Critical Inquiry Critical Inquiry

Sarah Comyn reviews Hayek and the Evolution of Capitalism

Naomi Beck. Hayek and the Evolution of Capitalism. Chicago: University of Chicago Press, 2018. 208 pp.

Review by Sarah Comyn

19 March 2019

In a review of Friedrich August von Hayek’s The Road to Serfdom (1944), George Orwell cautioned “that a return to ‘free’ competition means for the great mass of people a tyranny probably worse, because more irresponsible, than that of the State. The trouble with competitions is that somebody wins them.”[1] Examining the influence of evolutionary science on Hayek’s economic and philosophical thinking, Naomi Beck’s Hayek and the Evolution of Capitalism (2018) provides an insightful and sustained critique of the origins and development of Hayek’s unrelenting support of the free market and the benefits of competition he believed were inherent to it. Part of a renewed scholarly interest in Hayek and the philosophy of science, this book also participates in broader conversations about theories of evolutionary economics.

Although Beck provides an account of Hayek’s eclectic early academic interests and his economic and philosophical training (including the waxing and waning of Ludwig von Mises’s influence), the focus of this book is on Hayek’s post-WWII work, beginning with his publication of The Sensory Order in 1952. Beck is nonetheless determined to show that Hayek’s later theory of cultural evolution is not a theoretical break with his earlier work but a “final point of a long trajectory” in Hayek’s thought and his “most substantial contribution to the attack on socialism” (p. 17).

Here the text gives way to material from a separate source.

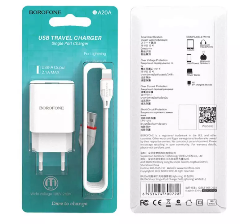 СЗУ Сетевое Зарядное Устройство BOROFONE BA20A Sharp - это настенное зарядное устройство с одним портом USB, которое обеспечит быструю и удобную зарядку вашего устройства. Оно поставляется с кабелем BX17: USB-C 1м / Lightning 1м / Micro-USB 1м, что делает его универсальным и удобным для зарядки различных устройств.
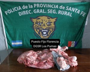 Realizando patrullajes preventivos, los efectivos de la Sección 21 de la DGSR “Los Pumas”, recibieron un llamado telefónico por parte de un masculino mayor de edad, solicitando la presencia del personal policial e informando haber presenciado la faena de un animal vacuno perteneciente a un ganadero de la zona

The book covers an impressive range of philosophers, evolutionary scientists, economists, and social theorists—including Adam Smith, Auguste Comte, Karl Popper, Thomas Malthus, Charles Darwin, and Richard Dawkins––and is concerned as much with Hayek’s philosophical “misreadings” as it is with the development of his cultural evolutionary theory. Consequently, the complexity and density of the interwoven arguments can occasionally feel burdensome to the reader. Nevertheless, Beck’s fine-grained analysis provides astute readings of Hayek, as is the case when she demonstrates how Hayek’s use of a botanical analogy about “garden plots” (one also favored by Darwin) allows him to discredit a reliance on statistical techniques to explain complex phenomena, which he eventually incorporates into a critique of macroeconomics.

Beck is not the first scholar to point out the inherent contradictions and “contorted thinking” (p. 8) involved in Hayek’s theory of cultural evolution and its relationship to his economic theories, but rather than attempt to reconcile these tensions as others have done, Beck elucidates their political and social consequences.[2] Beck’s critique is sharpest in her explication of the practical implications of Hayek’s evolutionary theory as they apply to issues of social justice, law, governance, and the increasing threat imposed by the Anthropocene in chapter 4. Addressing the Panglossian tendencies of Hayek’s evolutionary theory, Beck’s study opens up new opportunities for the engagement with and critique of Hayek’s substantial corpus by intellectual and economic historians, social scientists, and evolutionary biologists.[3]

 

 


[1]George Orwell, “Review of The Road to Serfdom by F. A. Hayek, etc.,” review of The Road to Serfdom by F. A. Hayek, in As I Please, 1943–1945: The Collected Essays, Journalism, and Letters of George Orwell, ed. Sonia Orwell and Ian Angus (Boston, Mass., 1970), p. 118. 

[2]See Viktor J. Vanberg, “Darwinian Paradigm, Cultural Evolution, and Human Purposes: On F. A. Hayek’s Evolutionary View of the Market,” Journal of Evolutionary Economics 24 (Jan. 2014): 35–57.

[3]For an account of Hayek’s Panglossian inclinations, see Andy Denis, “Was Hayek a Panglossian Evolutionary Theorist? A Reply to Whitman,” Constitutional Political Economy 13 (Sept. 2002): 275–85.